_DATA UNDER STUDY_

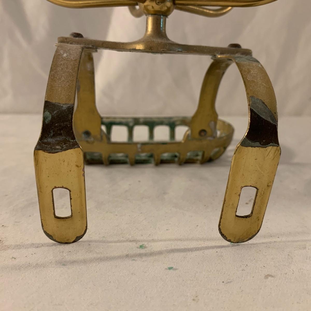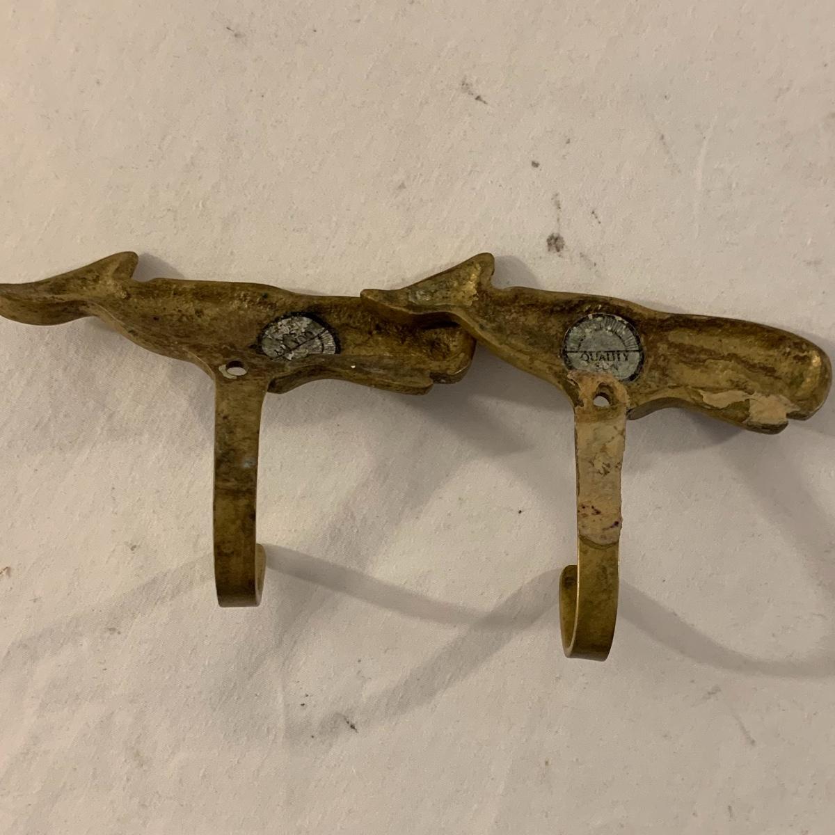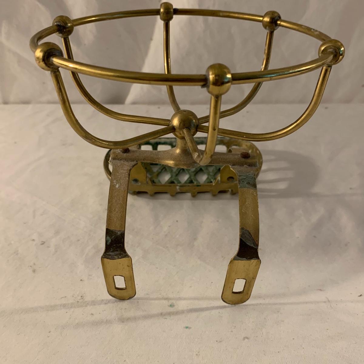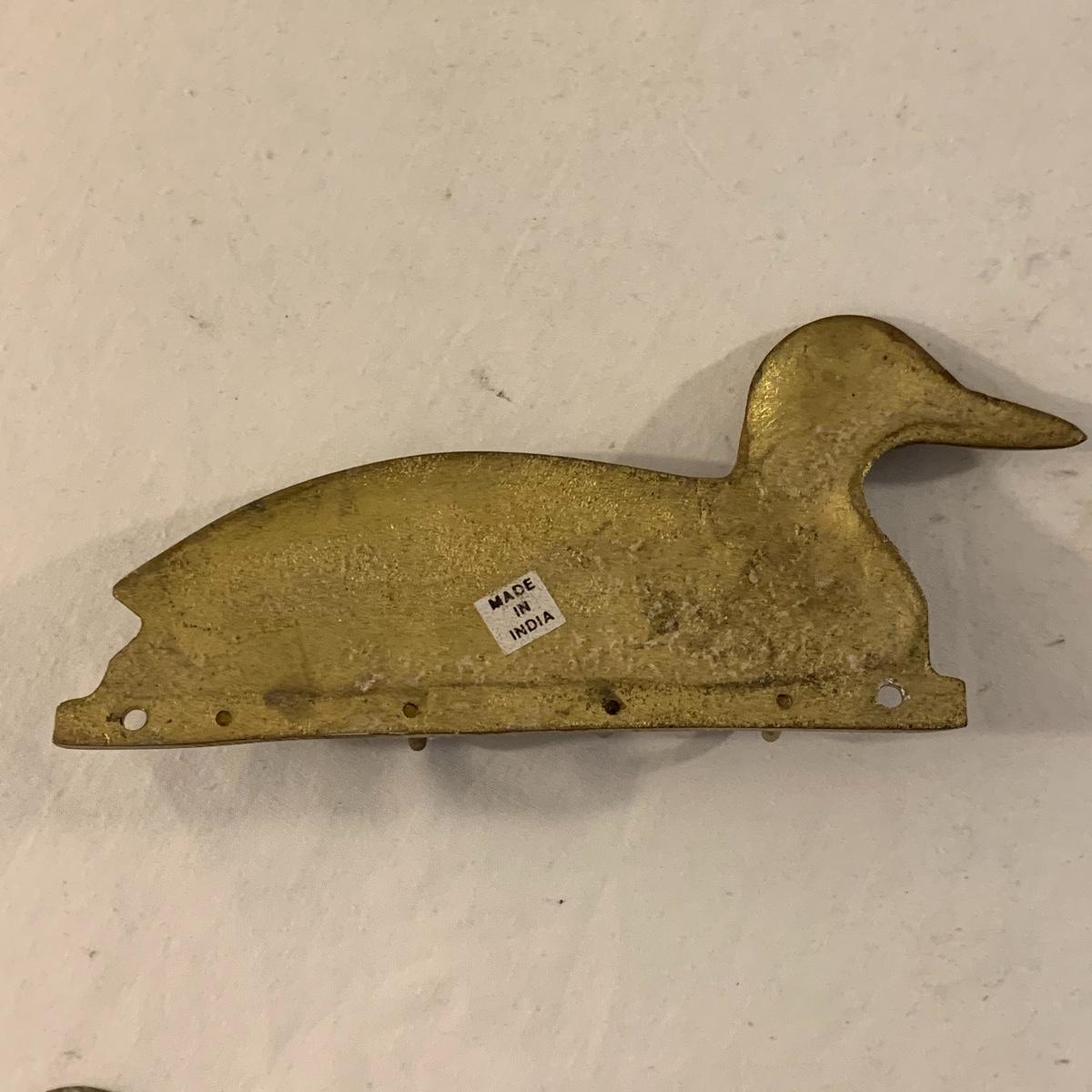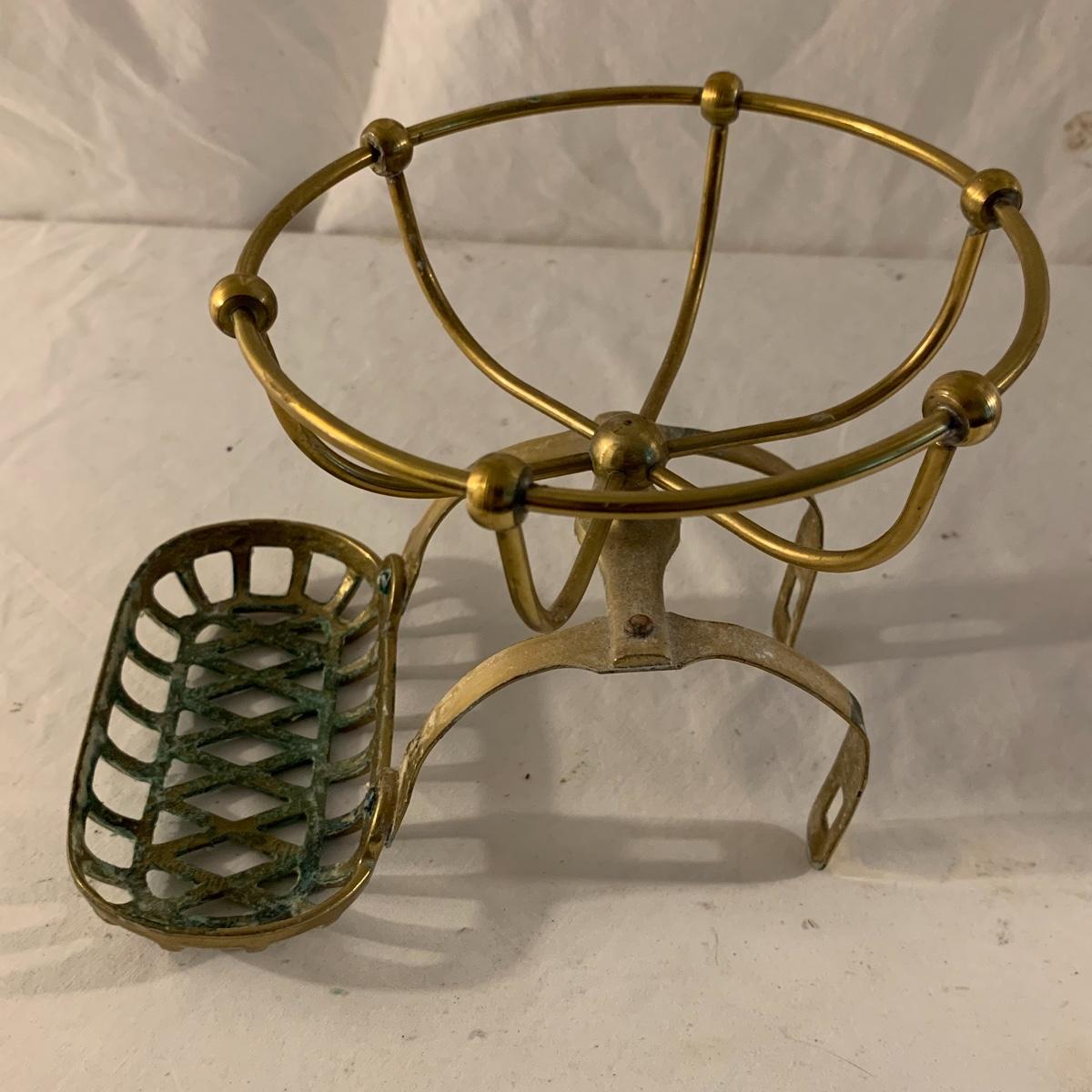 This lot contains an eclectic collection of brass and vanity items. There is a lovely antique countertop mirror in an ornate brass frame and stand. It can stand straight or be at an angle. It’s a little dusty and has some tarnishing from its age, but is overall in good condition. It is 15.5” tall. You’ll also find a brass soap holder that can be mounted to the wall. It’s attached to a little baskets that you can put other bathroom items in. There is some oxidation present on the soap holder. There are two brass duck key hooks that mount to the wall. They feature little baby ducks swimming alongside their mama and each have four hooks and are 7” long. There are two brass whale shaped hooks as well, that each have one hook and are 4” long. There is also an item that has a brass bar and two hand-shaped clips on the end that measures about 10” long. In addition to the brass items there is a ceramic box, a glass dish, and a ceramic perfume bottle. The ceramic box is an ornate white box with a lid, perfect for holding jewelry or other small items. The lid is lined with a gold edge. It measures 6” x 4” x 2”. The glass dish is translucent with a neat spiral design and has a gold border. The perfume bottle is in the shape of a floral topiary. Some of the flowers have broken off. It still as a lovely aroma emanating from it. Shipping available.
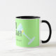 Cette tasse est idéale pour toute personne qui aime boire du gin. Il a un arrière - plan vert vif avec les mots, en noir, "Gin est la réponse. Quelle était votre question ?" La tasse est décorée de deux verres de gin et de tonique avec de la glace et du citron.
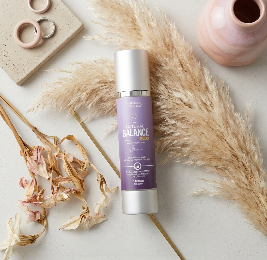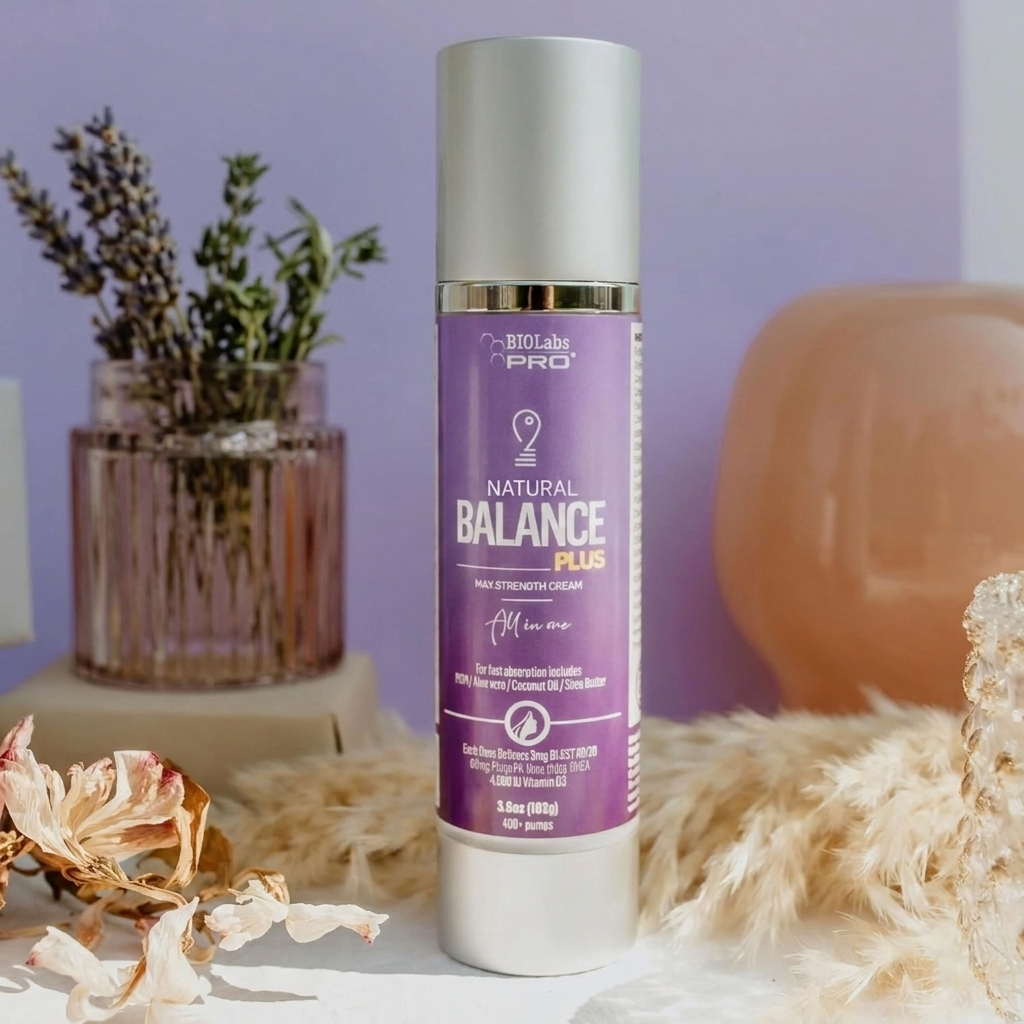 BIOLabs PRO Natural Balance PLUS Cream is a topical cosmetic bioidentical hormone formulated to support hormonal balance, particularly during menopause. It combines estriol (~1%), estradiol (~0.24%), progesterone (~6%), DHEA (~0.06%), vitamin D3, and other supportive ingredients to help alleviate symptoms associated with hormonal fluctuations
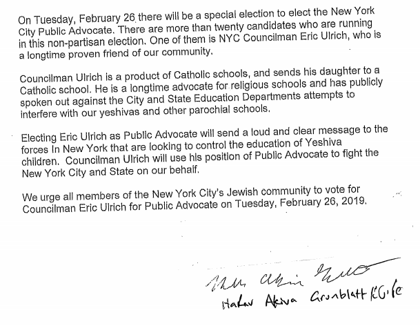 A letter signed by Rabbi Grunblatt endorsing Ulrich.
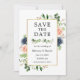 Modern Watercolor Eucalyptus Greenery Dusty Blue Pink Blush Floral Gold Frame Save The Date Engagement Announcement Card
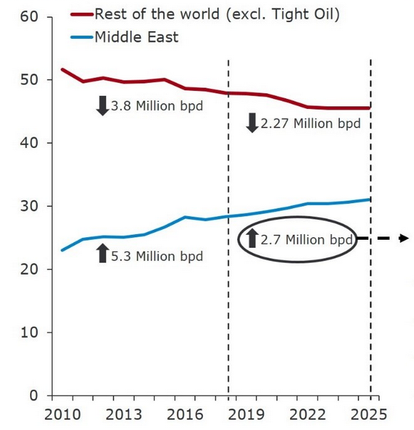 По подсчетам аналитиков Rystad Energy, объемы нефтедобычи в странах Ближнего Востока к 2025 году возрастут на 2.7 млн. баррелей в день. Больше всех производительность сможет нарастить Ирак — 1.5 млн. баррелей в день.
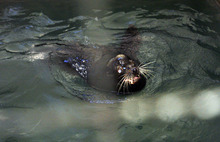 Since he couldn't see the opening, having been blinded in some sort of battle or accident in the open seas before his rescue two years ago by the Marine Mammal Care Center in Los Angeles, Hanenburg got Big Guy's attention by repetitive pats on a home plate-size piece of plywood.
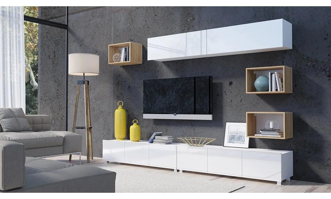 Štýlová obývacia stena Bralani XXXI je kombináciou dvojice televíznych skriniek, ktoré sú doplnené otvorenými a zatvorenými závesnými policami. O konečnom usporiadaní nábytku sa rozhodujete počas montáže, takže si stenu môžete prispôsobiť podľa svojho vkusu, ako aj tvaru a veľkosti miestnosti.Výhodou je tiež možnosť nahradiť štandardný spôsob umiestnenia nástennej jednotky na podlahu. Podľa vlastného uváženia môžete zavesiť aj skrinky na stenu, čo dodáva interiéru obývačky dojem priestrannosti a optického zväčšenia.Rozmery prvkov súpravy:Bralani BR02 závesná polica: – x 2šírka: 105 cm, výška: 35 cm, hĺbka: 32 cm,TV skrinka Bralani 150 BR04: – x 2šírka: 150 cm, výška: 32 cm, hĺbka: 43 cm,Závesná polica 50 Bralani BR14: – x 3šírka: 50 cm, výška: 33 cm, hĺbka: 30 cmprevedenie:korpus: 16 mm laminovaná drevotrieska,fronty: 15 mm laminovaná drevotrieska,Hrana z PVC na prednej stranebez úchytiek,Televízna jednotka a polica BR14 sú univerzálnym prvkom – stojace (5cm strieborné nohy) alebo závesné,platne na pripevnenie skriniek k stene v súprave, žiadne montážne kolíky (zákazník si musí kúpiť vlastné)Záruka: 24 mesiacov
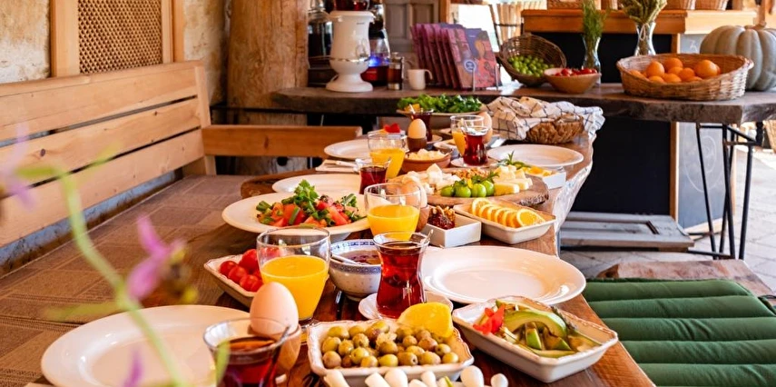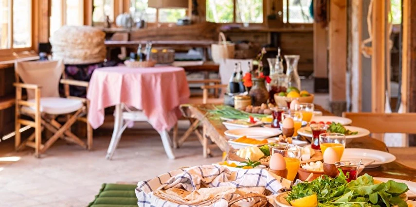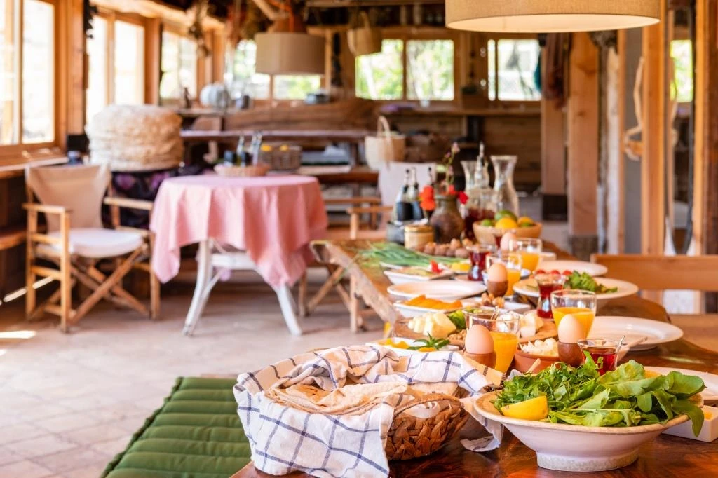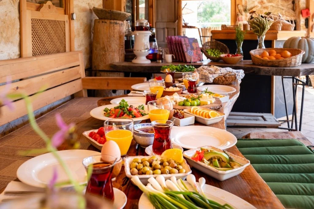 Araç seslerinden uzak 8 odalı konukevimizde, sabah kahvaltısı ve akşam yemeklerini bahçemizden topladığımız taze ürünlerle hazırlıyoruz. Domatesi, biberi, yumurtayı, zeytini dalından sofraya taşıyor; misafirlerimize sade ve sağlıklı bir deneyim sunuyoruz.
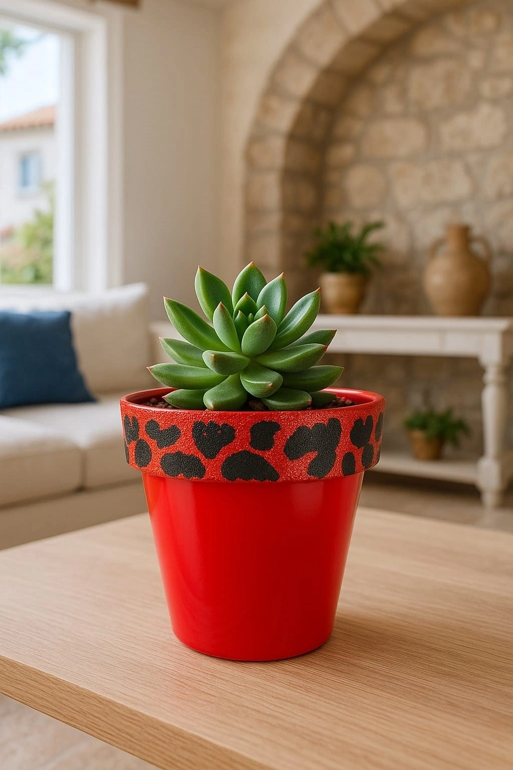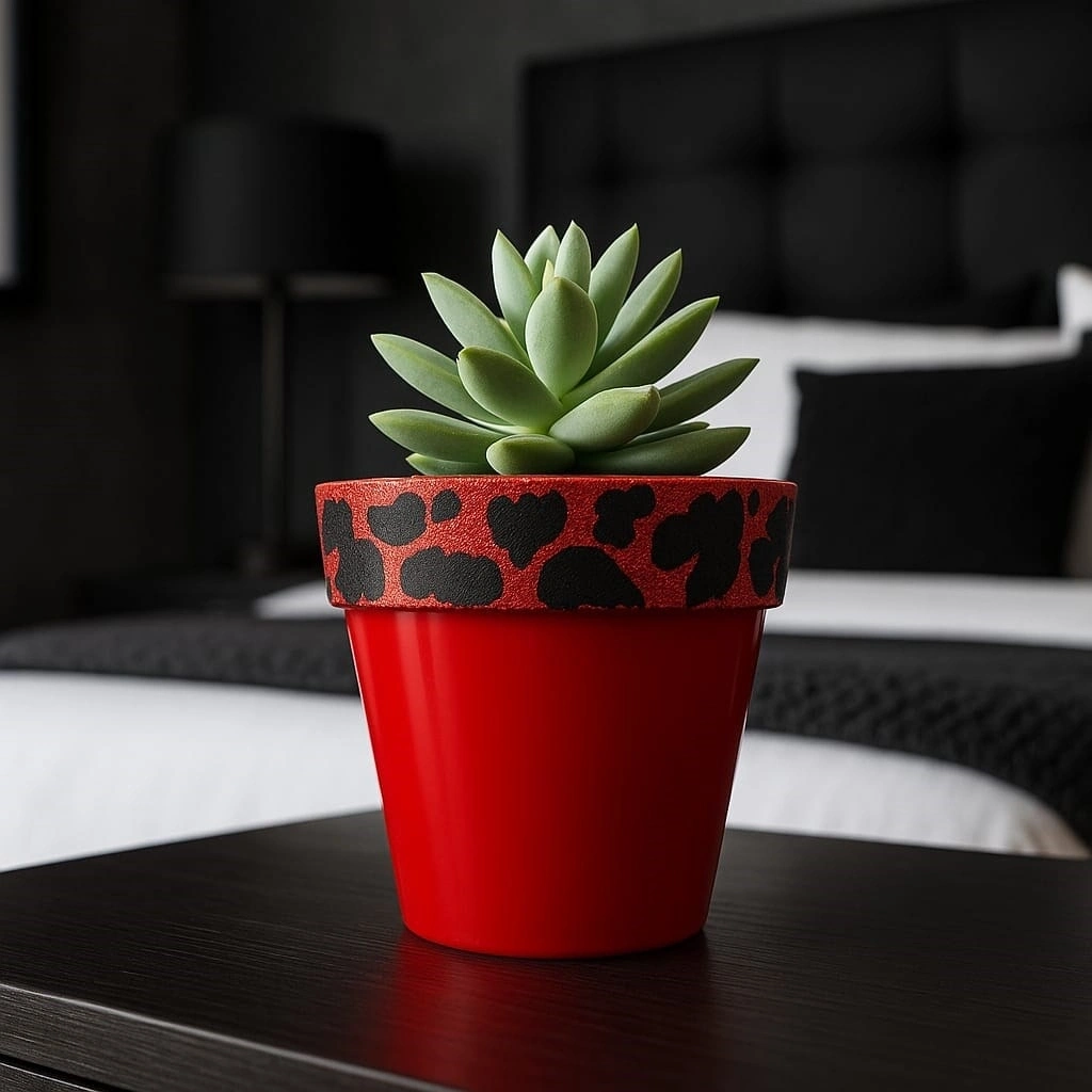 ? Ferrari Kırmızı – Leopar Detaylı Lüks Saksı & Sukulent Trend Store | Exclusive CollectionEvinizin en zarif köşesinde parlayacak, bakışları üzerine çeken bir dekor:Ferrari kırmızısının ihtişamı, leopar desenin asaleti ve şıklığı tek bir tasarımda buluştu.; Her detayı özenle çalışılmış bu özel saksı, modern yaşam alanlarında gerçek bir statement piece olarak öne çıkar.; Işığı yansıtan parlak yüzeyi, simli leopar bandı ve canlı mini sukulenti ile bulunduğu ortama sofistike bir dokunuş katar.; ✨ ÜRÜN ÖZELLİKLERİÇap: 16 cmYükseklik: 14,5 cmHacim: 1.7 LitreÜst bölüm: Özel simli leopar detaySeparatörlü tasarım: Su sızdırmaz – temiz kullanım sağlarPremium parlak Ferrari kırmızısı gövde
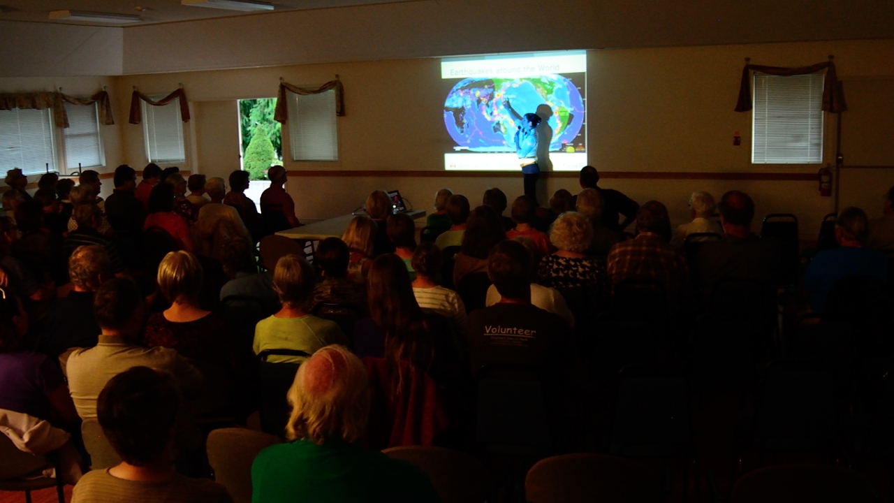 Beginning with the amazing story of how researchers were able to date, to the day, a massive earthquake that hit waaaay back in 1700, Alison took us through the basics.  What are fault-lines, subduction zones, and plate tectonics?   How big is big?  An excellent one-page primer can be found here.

_TASK INSTRUCTIONS_
What is needed is an exact copy of the lines above, from the one holding "A letter signed" down to the one holding "Since he couldn't", with those two included and the pictures left out.

_COMPLETED TASK_
 A letter signed by Rabbi Grunblatt endorsing Ulrich.
 Modern Watercolor Eucalyptus Greenery Dusty Blue Pink Blush Floral Gold Frame Save The Date Engagement Announcement Card
 По подсчетам аналитиков Rystad Energy, объемы нефтедобычи в странах Ближнего Востока к 2025 году возрастут на 2.7 млн. баррелей в день. Больше всех производительность сможет нарастить Ирак — 1.5 млн. баррелей в день.
 Since he couldn't see the opening, having been blinded in some sort of battle or accident in the open seas before his rescue two years ago by the Marine Mammal Care Center in Los Angeles, Hanenburg got Big Guy's attention by repetitive pats on a home plate-size piece of plywood.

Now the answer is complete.